More engineering and more expensive high-performance components have gone into the Pixel than would be required even for a flagship to make VR apps perform well while keeping the price in the flagship price range. A smartphone maker would not ordinarily pay for more expensive VR-ready components unless they were investing in a new application like Google is in VR.

Google Wi-Fi and Chromecast Ultra: These two devices are best explained together. Home Wi-Fi routers aren’t keeping pace with the steadily rising number of consumer devices in the home that stream audio and video. And they are hard to set up.

Google does not want to be a cable company like Comcast, but it does want users to stream more audio and video content from its Play Store and video content from YouTube, creating a bigger workload as content shifts from HD to Ultra-HD 4K resolution and 3D VR video. For most consumers, buying the right routers, configuring them and setting them up, and placing them throughout the home to provide a strong, evenly distributed Wi-Fi signal is beyond their skill levels.

Google’s Wi-Fi business model differs from that of a typical router company that tries to make a small profit in the cutthroat router market. Google has an incentive to solve the setup, configuration and signal distribution problem for the consumer because a better, faster and evenly distributed Wi-Fi signal will enable users to stream video and audio, as well as stream YouTube where its margins are much greater compared to routers.

Google Wi-Fi automatically configures multiple access points.

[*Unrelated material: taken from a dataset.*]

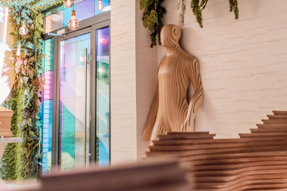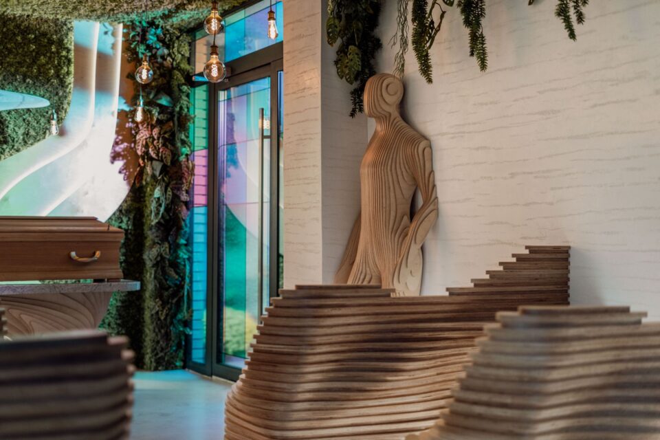 Exista experiențe care fac amintirile insuportabile și timpul apăsător, dar pe care viața nu le poate omite. O capelă – loc tradițional al despărțirilor cu adevărat irevocabile – caută să schimbe această paradigmă. Locația se află în Kraśnik (Polonia), unde arhitecții au reintepretat contemporan simbolurile tradiționale și, într-o reamenajare bazată pe design parametric, au construit un spațiu de contemplare și liniște personală. Capela Kraśnik a fost proiectată ca un spațiu contemporan, profund simbolic al despărțirii, în care arhitectura modernă și designul parametric coexistă cu valorile tradiționale, pentru a oferi o nouă perspectivă asupra ceremoniei de rămas bun, păstrând totodată respectul față de obiceiurile consacrate. O astfel de imagistică este puternic asociată cu durerea, suferința și pierderea. În schimb, am vrut să propun un spațiu care să nu întărească aceste emoții, ci să permită oamenilor să privească momentul despărțirii dintr-o perspectivă ușor diferită. De aceea, am abordat proiectul ca o metaforă pentru o călătorie, explică pentru casalux.ro arhitectul care a coordonat proiectul, Grzegorz Kłoda, de la GK-Atelier. În același timp, a fost important ca spațiul să nu fie supraîncărcat cu forme sau stimuli. Ar trebui să lase loc pentru liniște, contemplare și reflecție personală. Interiorul a fost menit să fie cald și liniștitor, în timp ce formele arhitecturale ghidează ușor gândurile vizitatorilor departe de experiența imediată a durerii către ideea căii pe care fiecare dintre noi o parcurge. Inovație printr-un nou limbaj al arhitecturii acestui moment În proiect a fost utilizată arhitectura parametrică, care a conferit spațiului o moliciune naturală, o fluiditate și o profunzime emoțională. Astfel, interiorul a dobândit un ritm organic, în care toate elementele, de la șezuturi până la catafalc, se dispun într-un ansamblu armonios, sculptural. Forma modernă nu înlocuiește sensurile tradiționale, ci le subliniază subtil, adăugându-le o dimensiune contemporană, simbolică. Liniile parametrice, lumina blândă și arhitectura sculpturală au fost completate de vegetație, ca simbol al naturii și alinării și care îmblânzește geometria și spațiul. Locul este astfel impregnat de viață și continuitate, fapt care, în contextul despărțirii definitive, capătă o semnificație profundă. Când ne luăm rămas bun de la o persoană apropiată, apare un moment natural de pauză. Poate că gândirea la propria noastră cale aici pe Pământ într-un astfel de moment ne poate duce la reflecții mai profunde. Uneori ne poate încuraja să reparăm ceva în viața noastră, alteori să tragem concluzii semnificative, mai spune Grzegorz Kłoda. Simbolismul drumului și designul care spune o poveste Lângă pereții capelei, două siluete parametrice – una care se desprinde delicat din perete și alta care se dizolvă treptat în el – creează o metaforă sugestivă a trecerii, a prezenței și a memoriei. Traversează spațiul asemenea oamenilor care apar pe drumul nostru: unii intră în viața noastră, alții o părăsesc, uneori observați, alteori abia perceptibili. Fiind singurele figuri din interior, devin dominante clare, memorabile, care invită la reflecție. Ele aduc în capelă o dimensiune profund umană, vorbind despre relațiile pe care le construim și despre ce lăsăm în urmă în momentul plecării definitive. În economia locului, lumina este un material de creație important: tavanul luminos și cu o formă organică neregulată îmbracă spațiul într-o strălucire blândă, creând o atmosferă de liniște și reculegere. Deasupra catafalcului, lumina capătă o semnificație specială, accentuând locul central al ceremoniei și construind un gest simbolic de trecere către lumină. Vitraliile geometrice, create pentru acest loc, adaugă profunzime suplimentară. Lăsând să pătrundă raze multicolore, ele modifică caracterul interiorului în funcție de momentul zilei, generând reflexii efemere și penumbre subtile care însuflețesc spațiul și îi conferă o variabilitate aproape poetică. În proiect a fost aplicată o soluție extrem de rar întâlnită în Polonia: catafalcul a fost amplasat paralel cu participanții la ceremonie. Această dispunere induce un sentiment de apropiere și trăire comună a momentului despărțirii, conferind spațiului un caracter mai intim și mai concentrat. Subliniind simbolistica drumului în lumină, compoziția paralelă construiește o axă naturală spre lumina de deasupra, concetrând sensul întregii ceremonii. Relația dintre participanți, catafalc și spațiul luminos de deasupra lui devine mai clară, mai blândă și mai profund reflexivă. Un efort de echipă pentru un proiect atipic Pentru o realizare atât de specială a fost necesară implicarea unor executanți cu competențe excepționale și experiență în lucrul cu geometria parametrică – 77 Roots, lideri în domeniu, în Polonia. Elementele din lemn au fost realizate de o firmă specializată în tâmplărie parametrică avansată și tehnologie CNC. Experiența lor a permis realizarea precisă a șezuturilor, siluetelor, crucii și catafalcului, păstrând o continuitate perfectă a formelor și stratificarea care dă sens designului. Proiectul a necesitat o redare extrem de precisă a structurii travertinului, astfel că s-a lucrat cu o echipă de artiști plastici, pentru a construi din tencuieli decorative o suprafață cu aspect mineral subtil și cu textură nobilă. Suprafețele decorative, în dialog cu lumina și geometria organică a interiorului, au conferit capelei o expresie finală, curată și armonioasă. Apoi, acest proiect a fost posibil datorită deschiderii investitorilor și disponibilității lor de a introduce în spațiu elemente de arhitectură contemporană și simbolism modern,

Network management by its smart Network Assist automatically helps avoid Wi-Fi congestion and transitions the user to the closest Wi-Fi point for the best signal.

Chromecast Ultra fits into this network scheme. It is almost twice as fast as the second-generation Chromecast, and it supports streaming of 4K video to the latest high-resolution TVs and Daydream VR headsets.

Google doesn’t want to be Apple or Comcast. It wants billions of users to spend more time in front of every type of screen and immersed in VR consuming its content. Right now, the hardware needs to be optimized for this task. If successful, many consumer device makers will build devices like these to expand Google’s ecosystem.